Sensing a great hunger for fresh approaches to fundamental theological concerns, Hartt presents a boldly original scholarly work. In it the persistent theological puzzles about method are clarified, the elements of that method are described and major historical controversies about method are critiqued. Topics discussed include: beliefs and reasons, knowing and proving God, faith and hope, authority and scripture, revelation and historical evidence.
A significant contribution to theology, this book shows that theological method entails describing the ways in which faith makes sense. Doing this, it speaks about "incorrigible beliefs," those convictions so fundamental that without them the very sense of life and world would disappear. Sensing that society has begun to think of theological matters as mere inventions of theologians, Hartt seeks to return to those fundamental questions that are "the concrete situation of the serious-minded Christian in the contemporary world."
Endorsements & Reviews-
One of the church's and the nation's most neglected theologians is Julian Hartt, for he was at once thoroughly unapologetic and completely anti-triumphalist in his treatment of matters cultural and doctrinal and political.
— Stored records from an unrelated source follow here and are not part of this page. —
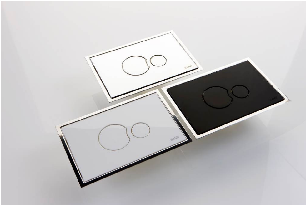
Fig. 9: WC flush panel manufactured with a mold from Sanit on an HM 110 equipped with a ServoPower drive and an insider cell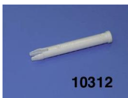
10312 #10312 Long Pin PLU# 29195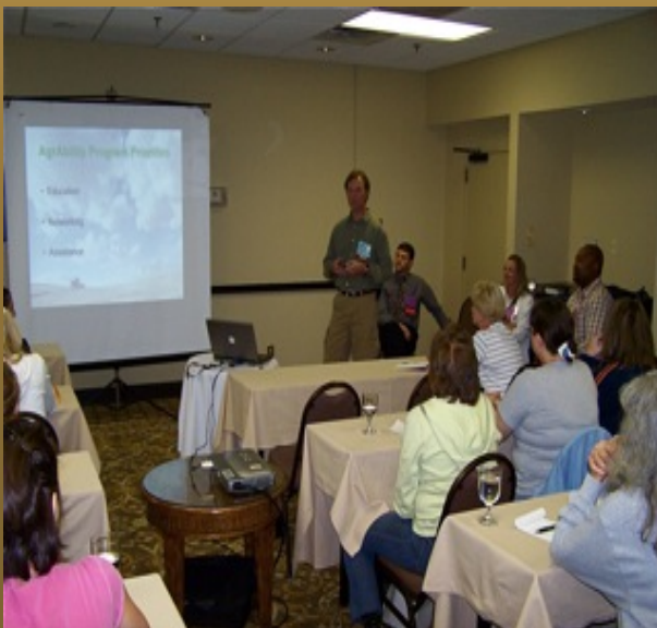
Agrability Staff presenting at the annual conference.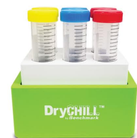
Item: DC0650 6 x 50 ml tubes (29mm)

The DryChill cooling blocks are designed to store samples safely on the lab-bench without sample degradation due to temperature increase or fluctuation. Unlike traditional ice buckets, these blocks do not require any ice and are uniquely designed to minimize condensation, resulting in a convenient, mess-free cooling.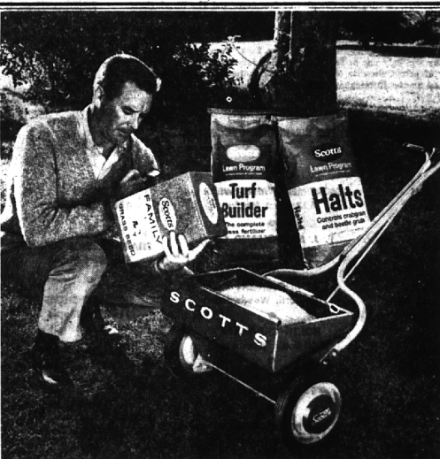
Start your lawn off right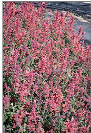
Kudos Coral Hyssop in bloom

We are so proud of the nursery stock that we have carefully selected for superior quality and performance, WE GUARANTEE ALL TREES, SHRUBS, EVERGREENS FOR 2 YEARS, AND ROSES FOR 1 YEAR!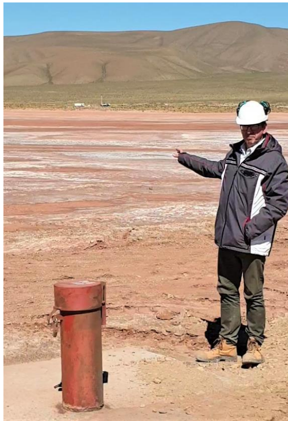
Figure 3: Location of LKE's drill operations at Cauchari to the rear of the photo in relation to a production well soon to be fitted with pumping gear at the Gangfeng/Lithium Americas project assaying 34m at 741 mg/L Lithium from 164m depth.

We thus owe a huge debt of gratitude to Wipf and Stock for reprinting (with fresh introductions) his long-unavailable work.
Ralph C. Wood, Baylor University
James Gustafson once stated: "Julian Hartt has one of the most brilliant and profound theological minds and spirits in the Christian community today; unfortunately he is one of the least appreciated theologians now writing."
This reissue of Julian Hartt's books makes available once again the work of this profound and brilliant theologian and makes it possible for a new generation to appreciate his work.
Jonathan Wilson, Carey Theological College
Julian Hartt Ray L. Hart
Julian Norris Hartt is a graduate of Dakota Wesleyan University, Garrett Theological Seminary, Northwestern University (M.A.), and Yale University (Ph.D.). From 1932 to 1934, Dr. Hartt served as a minister of United Methodist churches in South Dakota. He has taught theology and philosophy at Berea College (1940-43) and Yale University (1943-53) and was Noah Porter Professor of Philosophical Theology at Yale (1953-72). Hartt is Professor Emeritus of Religious Studies at the University of Virginia, Charlottesville. He is the author of numerous articles, essays, and books including 'Humanism Versus Theism', 'Toward a Theology of Evangelism', 'Being Known and Being Revealed', 'A Christian Critique of American Culture', and 'Theology and the Church in the University'.